本文深入探讨了Linux内核在设备挂起过程中的pm_prepare阶段,包括platform_suspend_begin函数的调用,控制台的挂起,以及dpm_suspend_start函数中设备的准备和挂起步骤。在设备挂起过程中,系统遍历活动设备列表,调用device_prepare进行设备的准备工作,关闭Runtime suspend功能,并根据设备的wakeup_path和callback函数进行相应处理。
然后是进入函数
// kernel\power\suspends.c
/**
* suspend_devices_and_enter - Suspend devices and enter system sleep state.
* @state: System sleep state to enter.
*/
int suspend_devices_and_enter(suspend_state_t state)
{
int error;
bool wakeup = false;
if (!sleep_state_supported(state))
return -ENOSYS;
pm_suspend_target_state = state;
if (state == PM_SUSPEND_TO_IDLE)
pm_set_suspend_no_platform();
error = platform_suspend_begin(state);
if (error)
goto Close;
suspend_console();
suspend_test_start();
error = dpm_suspend_start(PMSG_SUSPEND);
if (error) {
pr_err("Some devices failed to suspend, or early wake event detected\n");
goto Recover_platform;
}
suspend_test_finish("suspend devices");
if (suspend_test(TEST_DEVICES))
goto Recover_platform;
do {
error = suspend_enter(state, &wakeup);
} while (!error && !wakeup && platform_suspend_again(state));
Resume_devices:
suspend_test_start();
dpm_resume_end(PMSG_RESUME);
suspend_test_finish("resume devices");
trace_suspend_resume(TPS("resume_console"), state, true);
resume_console();
trace_suspend_resume(TPS("resume_console"), state, false);
Close:
platform_resume_end(state);
pm_suspend_target_state = PM_SUSPEND_ON;
return error;
Recover_platform:
platform_recover(state);
goto Resume_devices;
}
然后进入函数 platform_suspend_begin(state)中,判断平台代码中是否有begain函数,如果有就调用相关的begain函数。
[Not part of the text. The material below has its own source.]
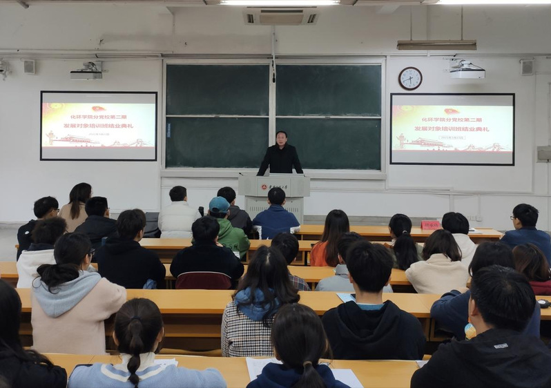 3月23日下午, 色色 第二期学生发展对象培训班结业典礼在2教107顺利举行。化环学院党委副书记胡承功出席典礼,学院培训班共43位学员参加开班典礼,典礼由化培训班班主任王康主持。

// kernel\power\suspends.c
static int platform_suspend_begin(suspend_state_t state)
{
if (state == PM_SUSPEND_TO_IDLE && s2idle_ops && s2idle_ops->begin)
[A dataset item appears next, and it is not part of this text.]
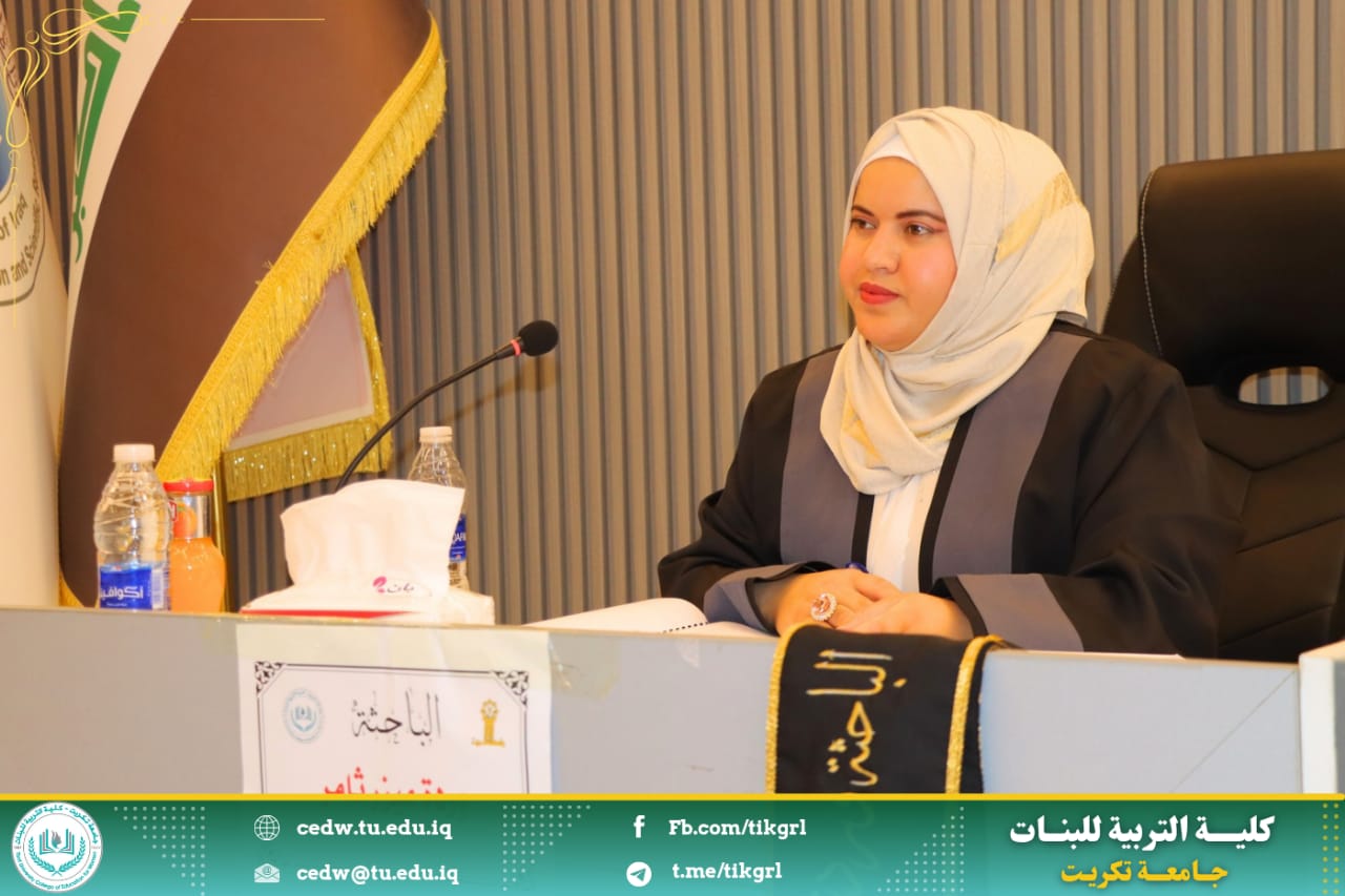 نوقشت في كلية التربية للبنات في جامعة تكريت، قسم اللغة العربية، اليوم الاثنين ١٦ / ٦ / ٢٠٢٥، وعلى رحاب قاعة المرحوم الأستاذ الدكتور جايد زيدان

return s2idle_ops->begin();
else if (suspend_ops && suspend_ops->begin)
return suspend_ops->begin(state);
else
return 0;
}
然后调用suspend_console挂起控制台,此时printk()函数无法显示。
// kernel\printk\printk.c
/**
* suspend_console - suspend the console subsystem
*
* This disables printk() while we go into suspend states
*/
void suspend_console(void)
{
if (!console_suspend_enabled)
return;
pr_info("Suspending console(s) (use no_console_suspend to debug)\n");
console_lock();
console_suspended = 1;
up_console_sem();
}
然后是进入到函数dpm_suspend_start(PMSG_SUSPEND)
// devices\base\power\main.c
/**
* dpm_suspend_start - Prepare devices for PM transition and suspend them.
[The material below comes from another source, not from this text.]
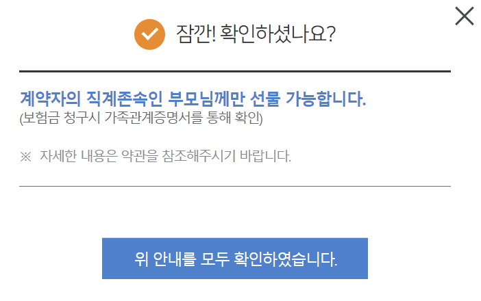 보험료 조회방법은 간단합니다. 보험료는 지정되어 있으며, 아버지, 어머니 중 선물하고 싶으신 분을 선택 후 선물하기를 클릭합니다.

* @state: PM transition of the system being carried out.
*
* Prepare all non-sysdev devices for system PM transition and execute "suspend"
* callbacks for them.
*/
int dpm_suspend_start(pm_message_t state)
{
ktime_t starttime = ktime_get();
int error;
error = dpm_prepare(state);
if (error) {
suspend_stats.failed_prepare++;
dpm_save_failed_step(SUSPEND_PREPARE);
} else
error = dpm_suspend(state);
dpm_show_time(starttime, state, error, "start");
return error;
}
EXPORT_SYMBOL_GPL(dpm_suspend_start);
上边这个函数主要实现了电源管理的准备过程和设备的挂起过程。
通过error = dpm_prepare(state);实现了流程图中的过程3。
通过error = dpm_suspend(state);实现了流程图中的过程4。
// drivers\base\power\main.c
/**
* dpm_prepare - Prepare all non-sysdev devices for a system PM transition.
* @state: PM transition of the system being carried out.
*
* Execute the ->prepare() callback(s) for all devices.
*/
int dpm_prepare(pm_message_t state)
{
int error = 0;
trace_suspend_resume(TPS("dpm_prepare"), state.event, true);
might_sleep();
/*
* Give a chance for the known devices to complete their probes, before
* disable probing of devices. This sync point is important at least
* at boot time + hibernation restore.
*/
wait_for_device_probe();
/*
* It is unsafe if probing of devices will happen during suspend or
* hibernation and system behavior will be unpredictable in this case.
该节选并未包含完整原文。